For the entries that follow, produce an exact copy with no pictures in it.

• Information supplied
§

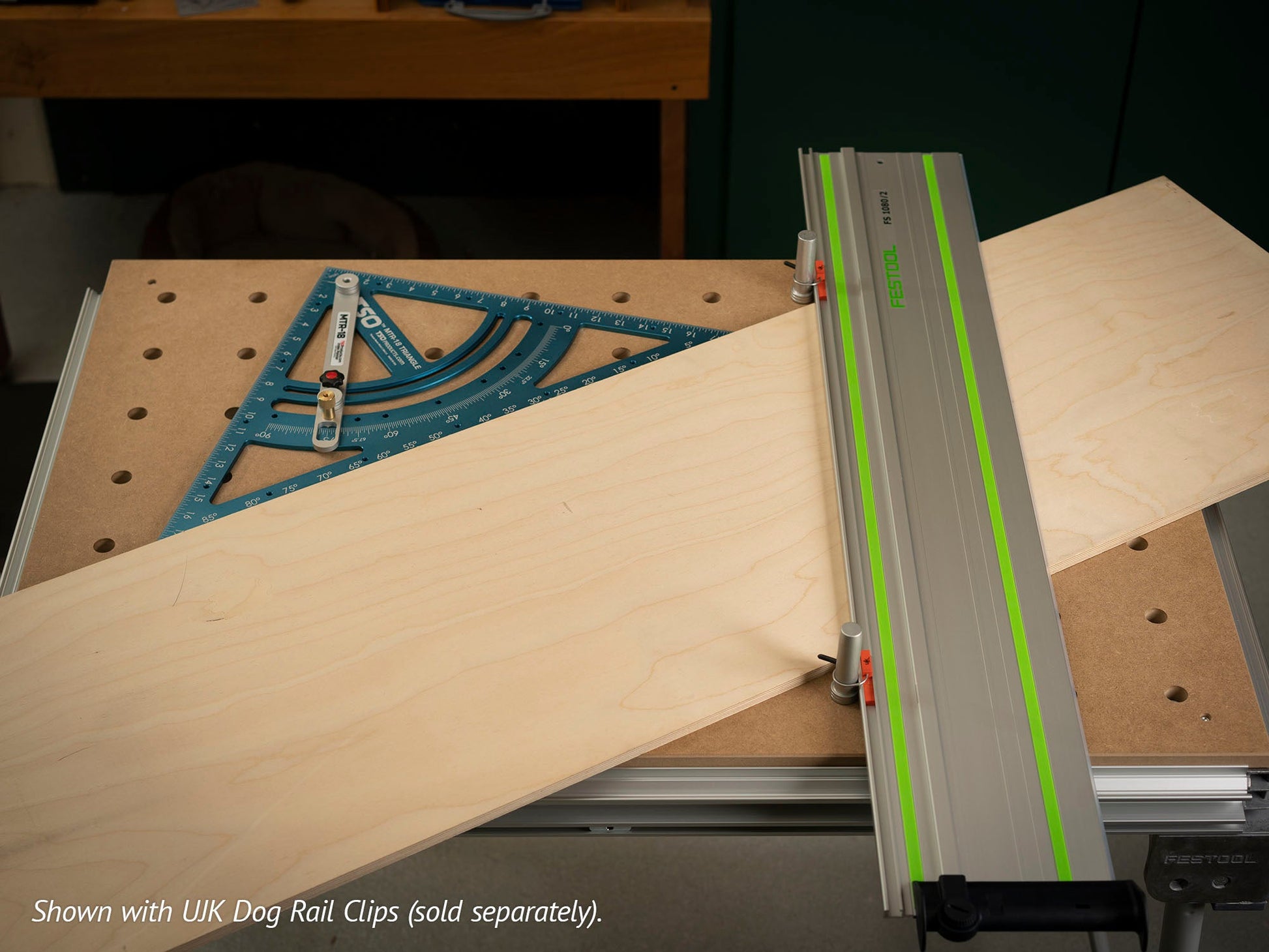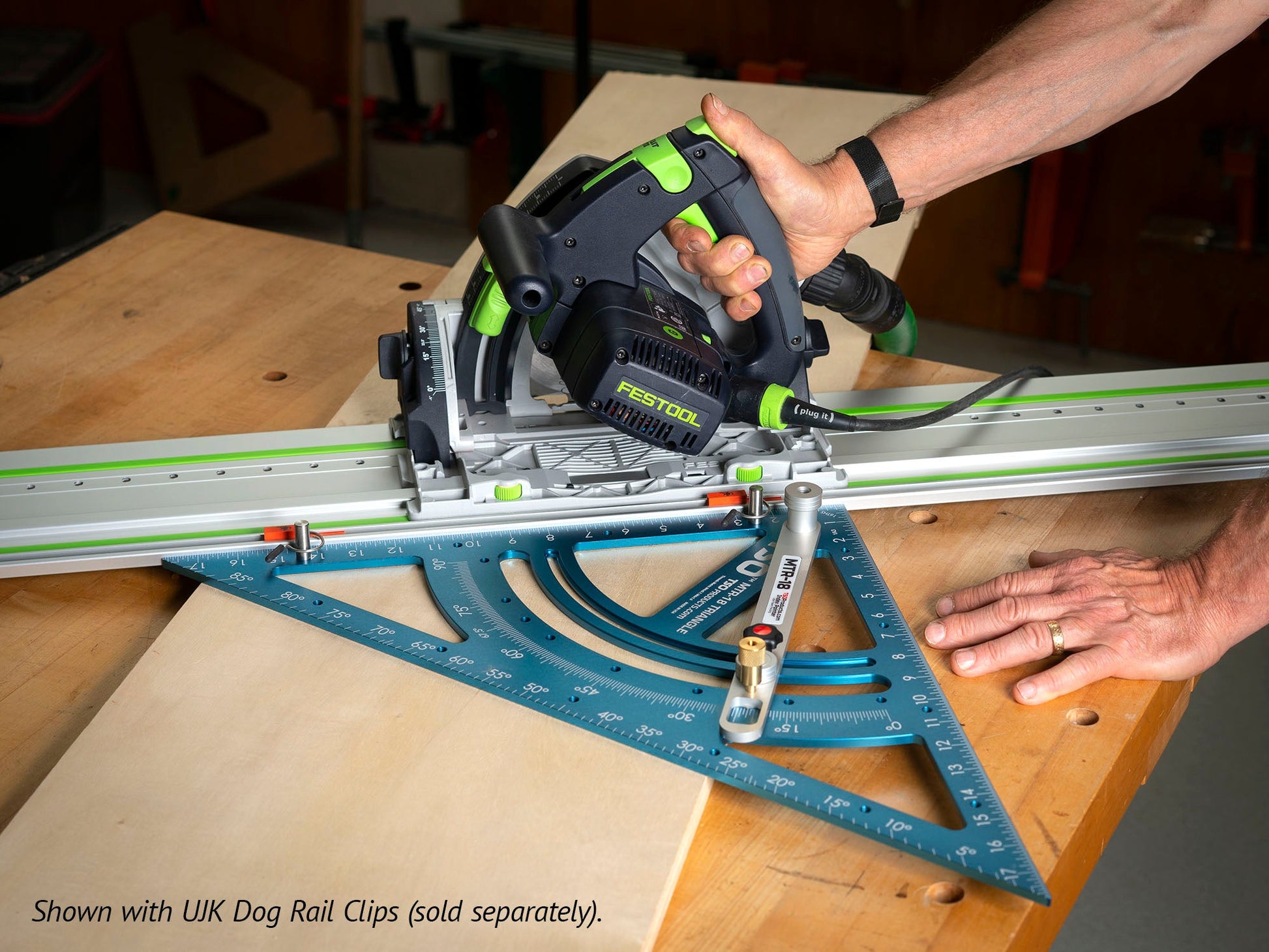 - Connecting Pins: Accurately square the Festool MFT/3 guide rail to the fence, even when the rail is elevated. Can also be used to connect the triangle to a guide rail using UJK Dog Rail Clips (not included). See image depiction.
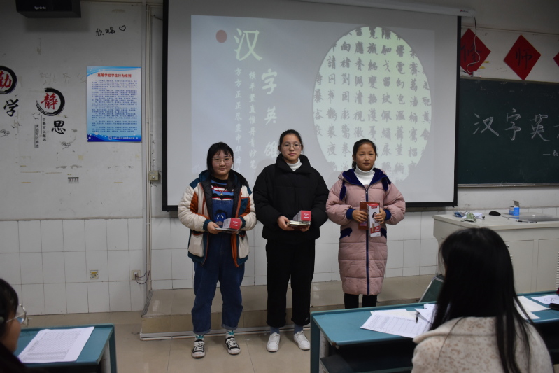 为了使活动更好地进行,活动伊始,主持人向大家介绍了此次比赛的流程和注意事项。据悉,大赛分为两个环节。第一环节是繁化简及你画我猜。各组选手凭着相互的默契和有趣的肢体语言与对手展开了激烈的“斗争”。在一组组选手激烈的对抗中,18级数学教育班和18级小学教育五班以8.45分的高分获得第一名,顺利进入第二轮比赛。共同进入第二轮比赛的班级还有18级英语教育二班和18级小学教育四班。第二轮比赛为听写词语和成语。各选手势均力敌,都在极力地展示自己的汉字功底。最终,18级小学教育五班的丁心怡以9.7的最高分获得本场比赛的第一名, 18级小学教育五班的李晨曦获得本场比赛的第二名。活动最后,学生会副主席徐畅向各获奖选手颁发了奖状及奖品。
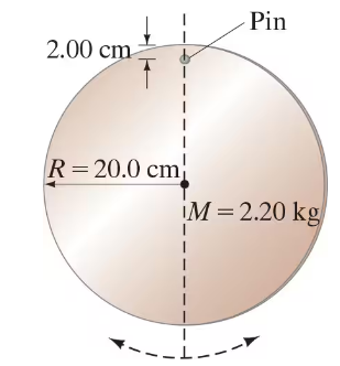 A plywood disk of radius 20.0 cm and mass 2.20 kg has a small hole drilled through it, 2.00 cm from its edge (Fig. 14–38). The disk is hung from the wall by means of a metal pin through the hole, and is used as a pendulum. What is the period of this pendulum for small oscillations?
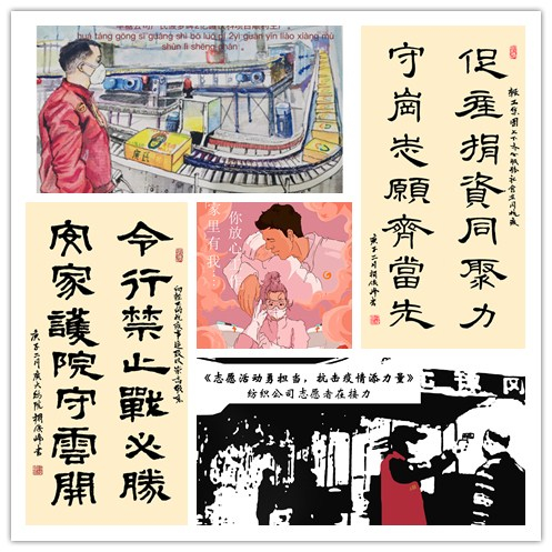 在此期间,广州轻工集团一个又一个感人的一线战“疫”故事温暖着你我,一个又一个奋进的复工复产事迹振奋着你我。作为广州轻工集团属下唯一一所以服装和艺术为主体的公办二级学院,广州大学纺织服装学院的师生虽受疫情影响只能宅在家开展网上教学,却以特殊的方式投入到了这场“万众一心,抗击疫情”的活动中。在学院党委的号召和学院团委的组织下,广大师生纷纷拿起笔墨纸砚,以真心真情为底色、以水墨丹青当载体,用艺术表现的形式对身边的榜样和感动进行创作,传递满满的正能量。
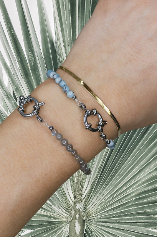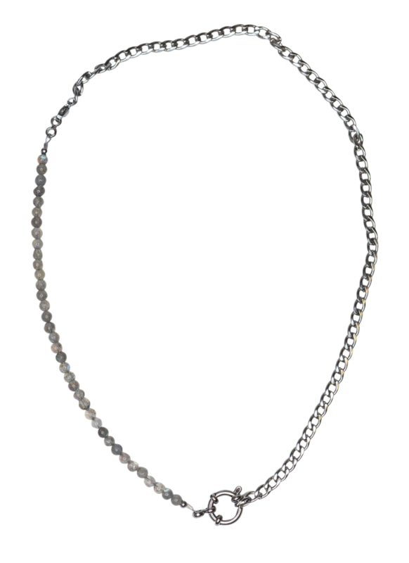 Larimar Duo Design Ketting - Stainless Steel ZilverDeze leuke Duo Design-ketting is multifunctioneel: haal de schakel eraf en draag hem als een prachtige armband met edelsteen kraaltjes.∙ Materiaal: Roestvrijstaal
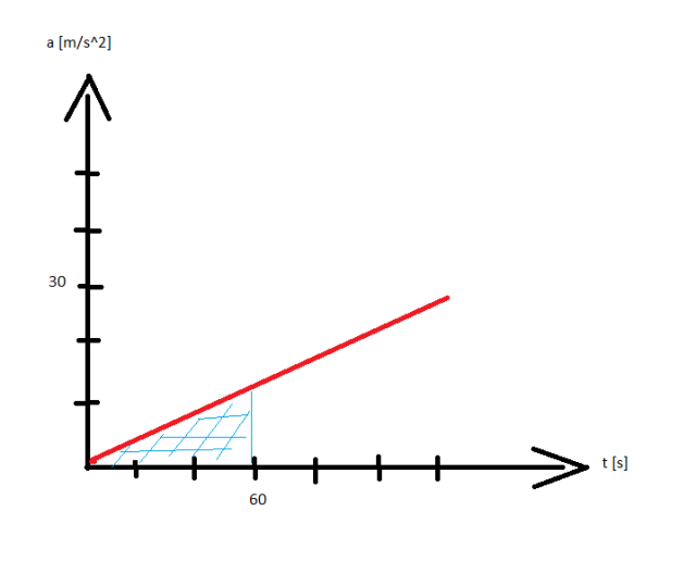 Prędkości rakiety po 60 sekundach możemy obliczyć jako pole pod wykresem zależności przyspieszenia od czasu.

§

• Exercise answer
 - Connecting Pins: Accurately square the Festool MFT/3 guide rail to the fence, even when the rail is elevated. Can also be used to connect the triangle to a guide rail using UJK Dog Rail Clips (not included). See image depiction.
 为了使活动更好地进行,活动伊始,主持人向大家介绍了此次比赛的流程和注意事项。据悉,大赛分为两个环节。第一环节是繁化简及你画我猜。各组选手凭着相互的默契和有趣的肢体语言与对手展开了激烈的“斗争”。在一组组选手激烈的对抗中,18级数学教育班和18级小学教育五班以8.45分的高分获得第一名,顺利进入第二轮比赛。共同进入第二轮比赛的班级还有18级英语教育二班和18级小学教育四班。第二轮比赛为听写词语和成语。各选手势均力敌,都在极力地展示自己的汉字功底。最终,18级小学教育五班的丁心怡以9.7的最高分获得本场比赛的第一名, 18级小学教育五班的李晨曦获得本场比赛的第二名。活动最后,学生会副主席徐畅向各获奖选手颁发了奖状及奖品。
 A plywood disk of radius 20.0 cm and mass 2.20 kg has a small hole drilled through it, 2.00 cm from its edge (Fig. 14–38). The disk is hung from the wall by means of a metal pin through the hole, and is used as a pendulum. What is the period of this pendulum for small oscillations?
 在此期间,广州轻工集团一个又一个感人的一线战“疫”故事温暖着你我,一个又一个奋进的复工复产事迹振奋着你我。作为广州轻工集团属下唯一一所以服装和艺术为主体的公办二级学院,广州大学纺织服装学院的师生虽受疫情影响只能宅在家开展网上教学,却以特殊的方式投入到了这场“万众一心,抗击疫情”的活动中。在学院党委的号召和学院团委的组织下,广大师生纷纷拿起笔墨纸砚,以真心真情为底色、以水墨丹青当载体,用艺术表现的形式对身边的榜样和感动进行创作,传递满满的正能量。
 Larimar Duo Design Ketting - Stainless Steel ZilverDeze leuke Duo Design-ketting is multifunctioneel: haal de schakel eraf en draag hem als een prachtige armband met edelsteen kraaltjes.∙ Materiaal: Roestvrijstaal
 Prędkości rakiety po 60 sekundach możemy obliczyć jako pole pod wykresem zależności przyspieszenia od czasu.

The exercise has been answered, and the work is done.